**WORK TO COMPLETE:** Give the data again word for word; drop the pictures.

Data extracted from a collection
[Start of Attachment]
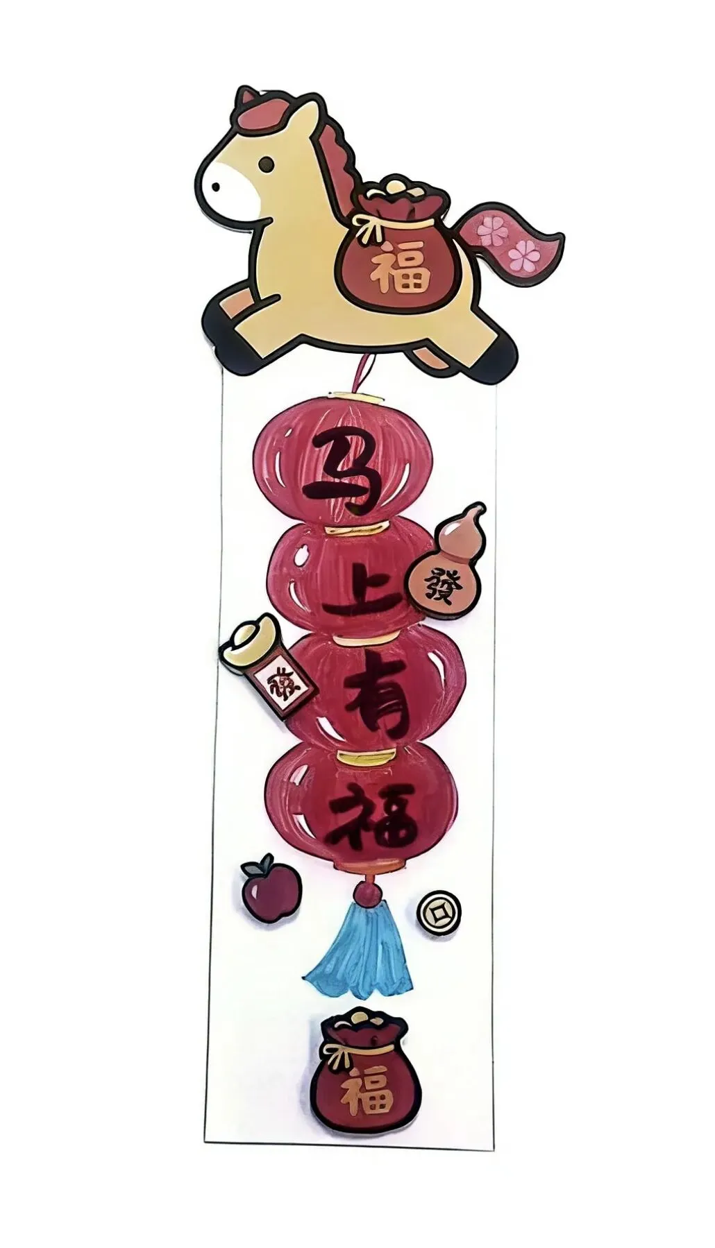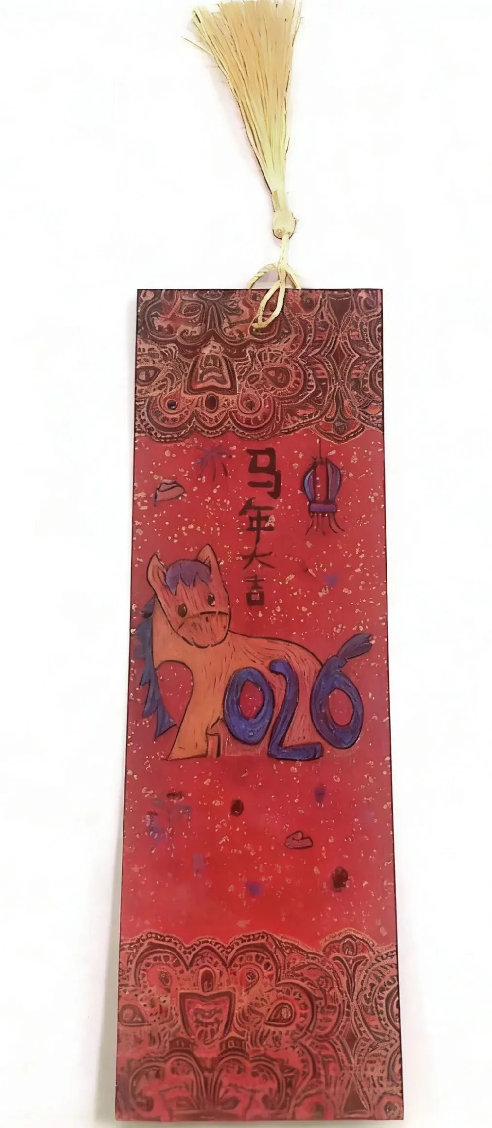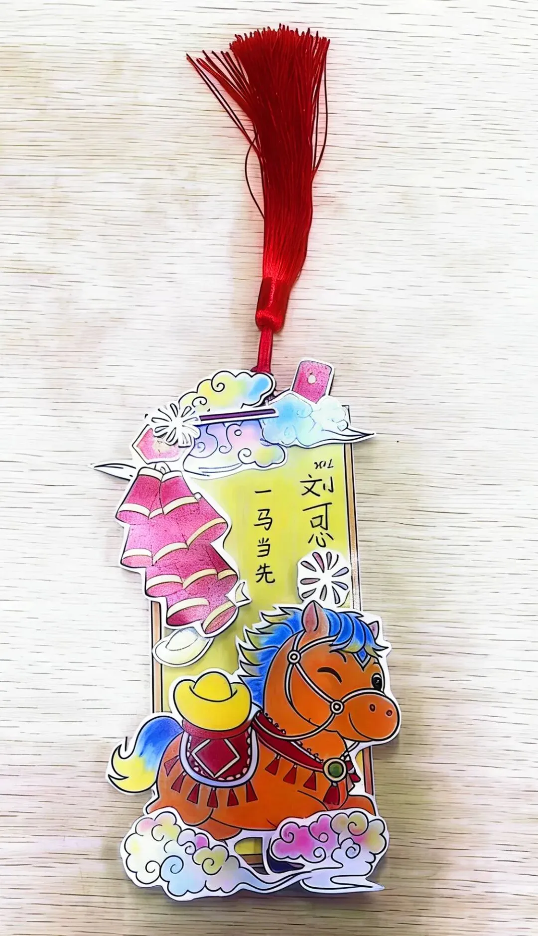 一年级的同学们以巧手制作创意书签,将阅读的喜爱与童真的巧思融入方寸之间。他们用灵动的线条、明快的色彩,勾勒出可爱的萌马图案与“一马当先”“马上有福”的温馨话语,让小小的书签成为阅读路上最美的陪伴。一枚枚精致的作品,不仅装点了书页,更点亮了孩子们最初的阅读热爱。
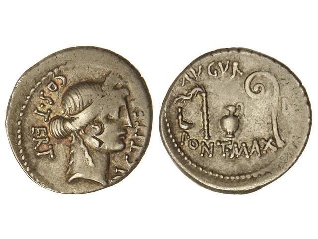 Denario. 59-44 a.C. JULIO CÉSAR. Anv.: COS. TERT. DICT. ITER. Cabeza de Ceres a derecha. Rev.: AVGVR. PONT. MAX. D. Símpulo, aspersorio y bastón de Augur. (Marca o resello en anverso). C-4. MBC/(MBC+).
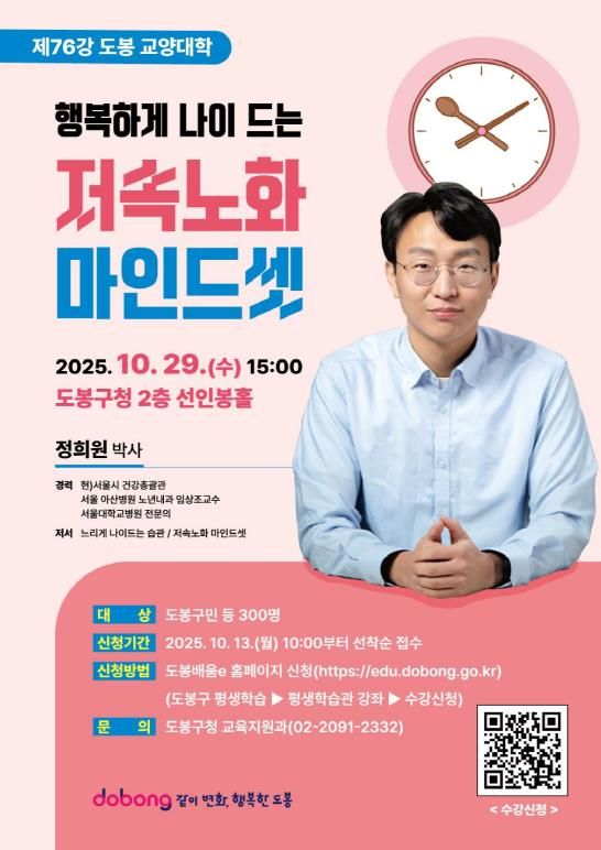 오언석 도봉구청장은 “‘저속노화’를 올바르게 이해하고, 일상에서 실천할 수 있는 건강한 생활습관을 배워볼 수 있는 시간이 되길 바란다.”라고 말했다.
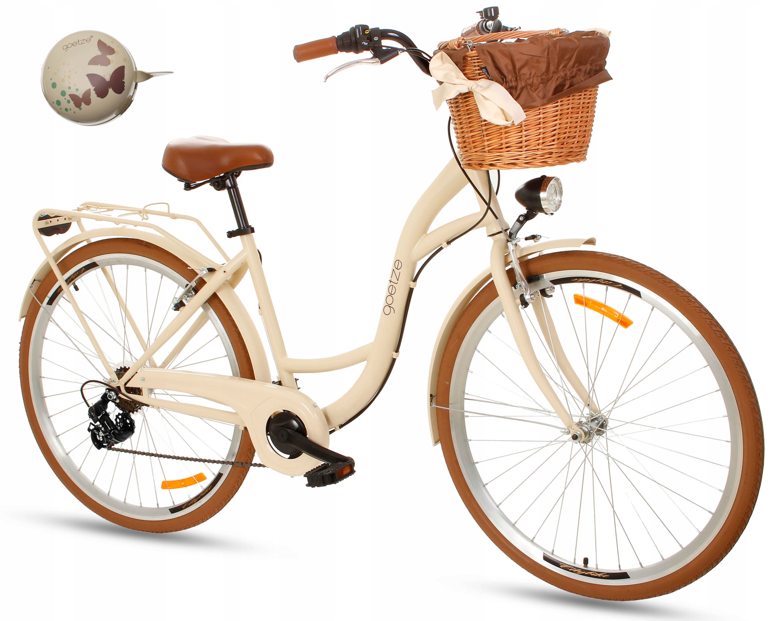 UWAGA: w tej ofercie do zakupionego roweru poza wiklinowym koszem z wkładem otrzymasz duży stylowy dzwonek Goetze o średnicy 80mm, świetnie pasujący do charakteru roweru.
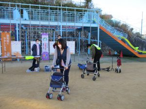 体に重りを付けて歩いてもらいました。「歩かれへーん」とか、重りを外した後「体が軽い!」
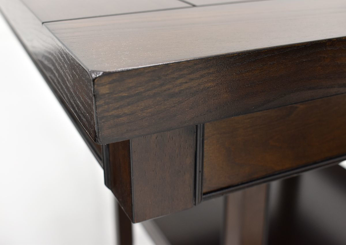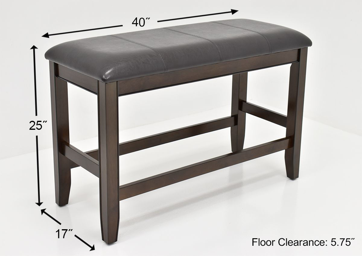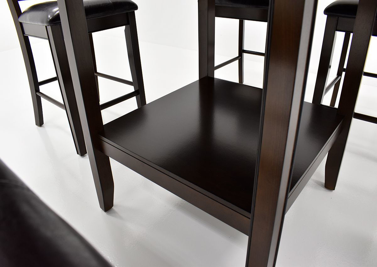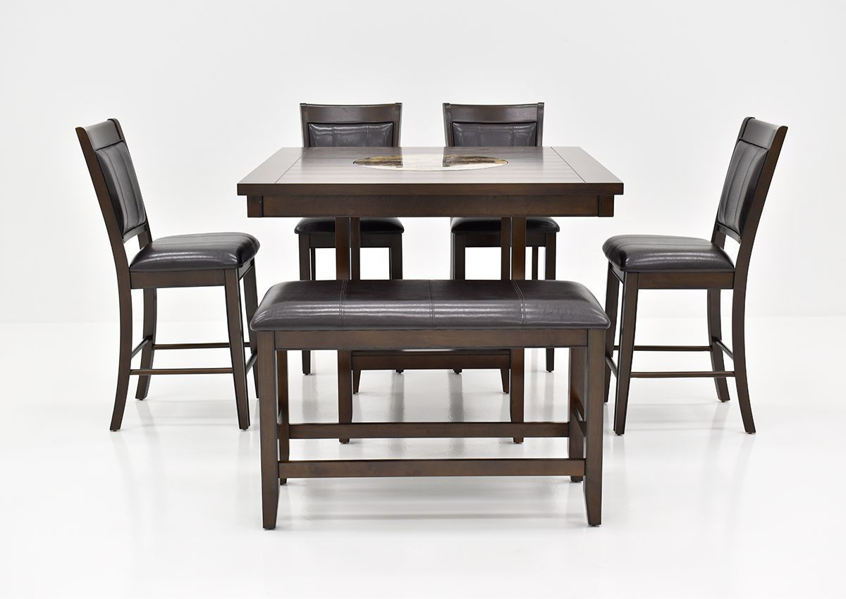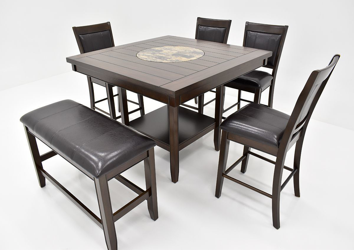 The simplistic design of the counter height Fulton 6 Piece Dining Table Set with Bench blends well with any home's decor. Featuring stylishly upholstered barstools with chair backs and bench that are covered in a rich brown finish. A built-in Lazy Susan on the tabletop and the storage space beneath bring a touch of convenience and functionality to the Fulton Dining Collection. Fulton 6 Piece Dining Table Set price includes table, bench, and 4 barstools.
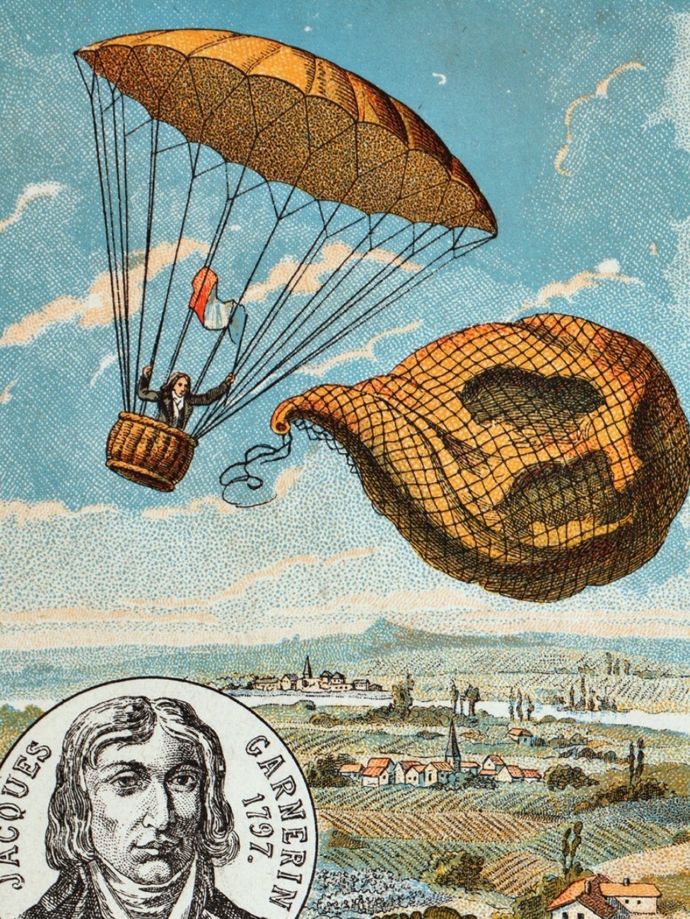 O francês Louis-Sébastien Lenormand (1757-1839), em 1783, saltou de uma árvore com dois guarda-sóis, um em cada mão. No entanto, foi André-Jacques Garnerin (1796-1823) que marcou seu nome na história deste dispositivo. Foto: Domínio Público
[End of Attachment]
**WRITTEN ANSWER:**
 一年级的同学们以巧手制作创意书签,将阅读的喜爱与童真的巧思融入方寸之间。他们用灵动的线条、明快的色彩,勾勒出可爱的萌马图案与“一马当先”“马上有福”的温馨话语,让小小的书签成为阅读路上最美的陪伴。一枚枚精致的作品,不仅装点了书页,更点亮了孩子们最初的阅读热爱。
 Denario. 59-44 a.C. JULIO CÉSAR. Anv.: COS. TERT. DICT. ITER. Cabeza de Ceres a derecha. Rev.: AVGVR. PONT. MAX. D. Símpulo, aspersorio y bastón de Augur. (Marca o resello en anverso). C-4. MBC/(MBC+).
 오언석 도봉구청장은 “‘저속노화’를 올바르게 이해하고, 일상에서 실천할 수 있는 건강한 생활습관을 배워볼 수 있는 시간이 되길 바란다.”라고 말했다.
 UWAGA: w tej ofercie do zakupionego roweru poza wiklinowym koszem z wkładem otrzymasz duży stylowy dzwonek Goetze o średnicy 80mm, świetnie pasujący do charakteru roweru.
 体に重りを付けて歩いてもらいました。「歩かれへーん」とか、重りを外した後「体が軽い!」
 The simplistic design of the counter height Fulton 6 Piece Dining Table Set with Bench blends well with any home's decor. Featuring stylishly upholstered barstools with chair backs and bench that are covered in a rich brown finish. A built-in Lazy Susan on the tabletop and the storage space beneath bring a touch of convenience and functionality to the Fulton Dining Collection. Fulton 6 Piece Dining Table Set price includes table, bench, and 4 barstools.
 O francês Louis-Sébastien Lenormand (1757-1839), em 1783, saltou de uma árvore com dois guarda-sóis, um em cada mão. No entanto, foi André-Jacques Garnerin (1796-1823) que marcou seu nome na história deste dispositivo. Foto: Domínio Público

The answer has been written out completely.